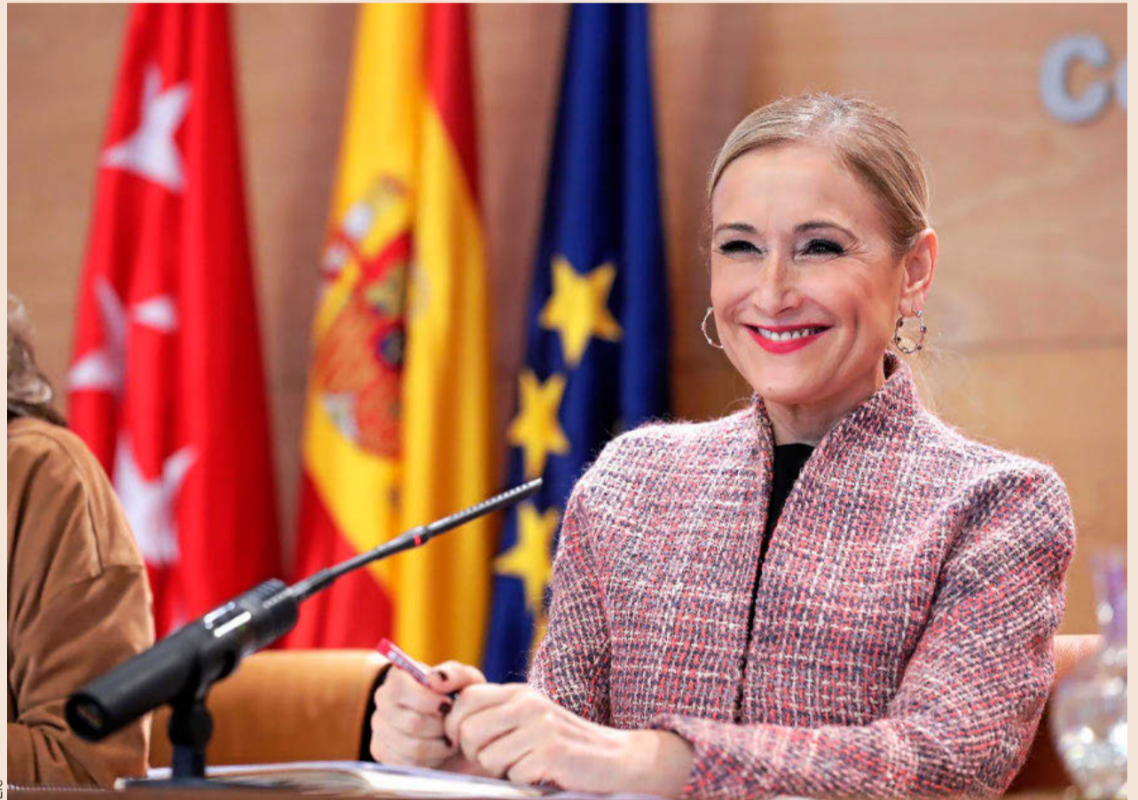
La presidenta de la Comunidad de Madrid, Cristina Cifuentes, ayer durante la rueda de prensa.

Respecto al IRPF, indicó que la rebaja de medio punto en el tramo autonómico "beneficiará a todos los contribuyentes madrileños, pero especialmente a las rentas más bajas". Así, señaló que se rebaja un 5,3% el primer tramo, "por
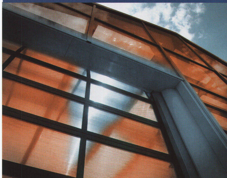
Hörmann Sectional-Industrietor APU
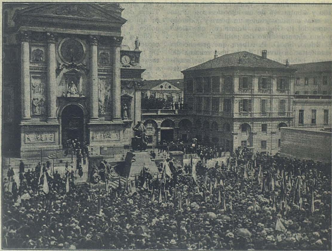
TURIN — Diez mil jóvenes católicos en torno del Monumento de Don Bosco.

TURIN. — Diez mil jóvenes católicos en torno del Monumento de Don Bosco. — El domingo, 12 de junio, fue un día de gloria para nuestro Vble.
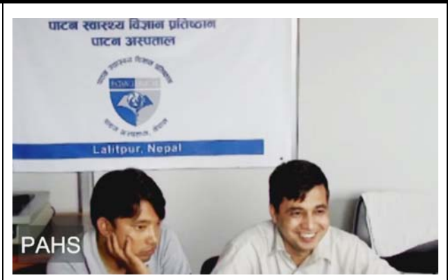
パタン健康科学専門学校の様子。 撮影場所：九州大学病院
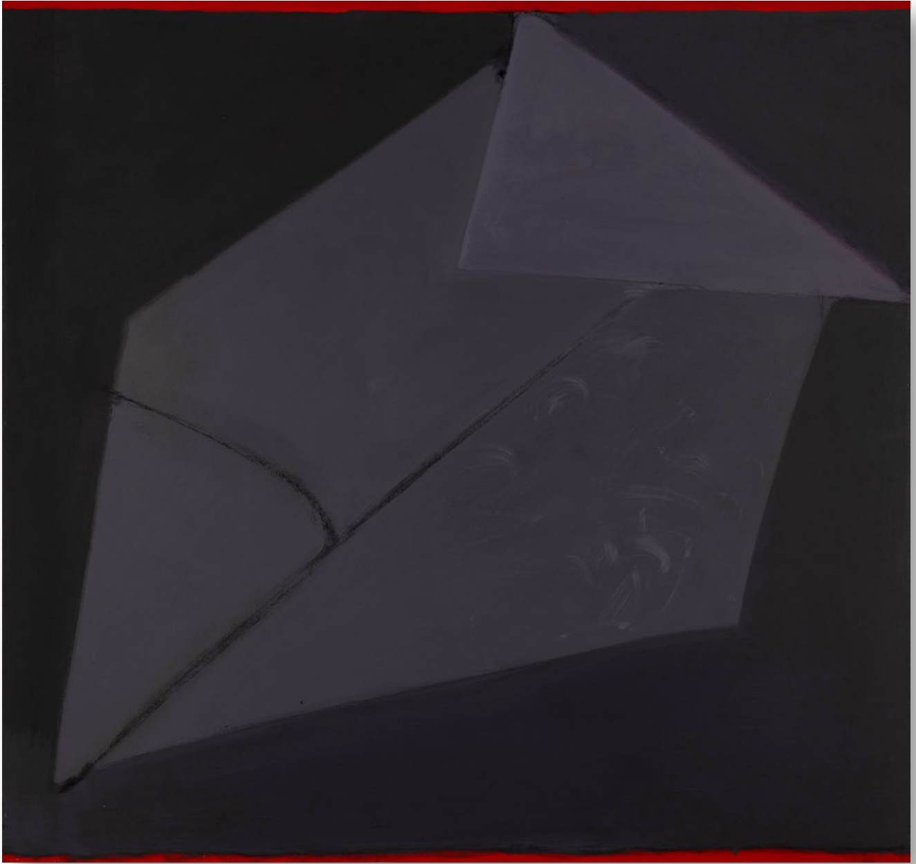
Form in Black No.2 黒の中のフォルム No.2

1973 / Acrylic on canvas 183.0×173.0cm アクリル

------------------------------------

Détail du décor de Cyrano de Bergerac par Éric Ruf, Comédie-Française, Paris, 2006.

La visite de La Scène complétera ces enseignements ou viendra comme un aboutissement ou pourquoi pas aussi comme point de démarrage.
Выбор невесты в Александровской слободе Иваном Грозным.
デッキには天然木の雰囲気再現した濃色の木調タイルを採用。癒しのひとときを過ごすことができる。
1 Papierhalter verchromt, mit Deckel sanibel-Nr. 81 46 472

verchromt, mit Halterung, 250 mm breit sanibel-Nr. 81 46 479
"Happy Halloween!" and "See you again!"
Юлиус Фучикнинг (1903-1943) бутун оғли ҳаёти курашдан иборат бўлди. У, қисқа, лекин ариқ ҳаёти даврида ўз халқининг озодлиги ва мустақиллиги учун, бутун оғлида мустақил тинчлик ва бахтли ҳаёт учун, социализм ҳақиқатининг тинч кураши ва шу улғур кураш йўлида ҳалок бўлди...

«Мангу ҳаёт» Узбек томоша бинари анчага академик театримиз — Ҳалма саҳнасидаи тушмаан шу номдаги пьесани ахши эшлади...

------------------------------------

= Task goal =
Return only the lines of the records in which the string "Bosco" appears.

= Answer below =
TURIN — Diez mil jóvenes católicos en torno del Monumento de Don Bosco.
TURIN. — Diez mil jóvenes católicos en torno del Monumento de Don Bosco. — El domingo, 12 de junio, fue un día de gloria para nuestro Vble.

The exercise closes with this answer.